今回の攻撃について、フーシ派はミサイルや無人機(ドローン)を使用してサウジの石油インフラを標的にしたと主張した。特にヤンブーは紅海側に位置する主要な石油輸出拠点であり、ペルシャ湾のホルムズ海峡を経由しない輸送ルートとして重要な役割を担っている。フーシ派はサウジの石油輸送を妨害する姿勢を示しており、紅海やバブ・エル・マンデブ海峡の安全保障にも影響が及ぶ可能性がある。

この攻撃を受け、サウジ側もフーシ派拠点への報復攻撃を実施した。これにより、2022年以降維持されてきたイエメンでの停戦状態は事実上崩壊したとみられる。イエメン内戦ではサウジ率いる連合軍とフーシ派の対立が続いてきたが、近年は停戦交渉が進められていた。しかし、米国とイランの対立が激化する中で、地域紛争が拡大する可能性が高まっている。

一方、米国は約2週間続けてきたイランへの空爆を一時停止した。トランプ政権は停止の理由を説明していない。トランプ(Donald Trump)大統領はフーシ派によるサウジ攻撃を受け、イランとその同盟勢力に対して「強力な軍事的対応」を取る可能性を示唆しているが、外交的な解決に向けた協議も続いている。

中東での軍事的緊張は国際エネルギー市場にも波及している。
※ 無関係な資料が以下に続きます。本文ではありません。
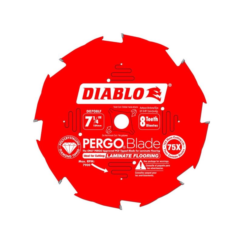 Diablos New 7-1/4 PCD Tooth PergoBlades are the first blades specifically designed for cutting laminate flooring in a chop saw application. This radical new design delivers 75 times the cutting performance compared to a carbide-tipped saw blade. This blade is the only approved blade by the Pergo brand for cutting their material. D0708LF

フーシ派によるサウジ船舶攻撃や石油施設への脅威を受け、原油価格は上昇し、1バレル100ドルを超える水準に達した。紅海とホルムズ海峡は世界の石油輸送における要衝であり、混乱が長期化すれば燃料価格や物流コストの上昇につながる。

専門家は、今回の攻撃が単なるイエメン国内の対立(フーシ派vs亡命政府)にとどまらず、米国、イラン、湾岸諸国を巻き込む広範な地域紛争に発展する危険性を指摘している。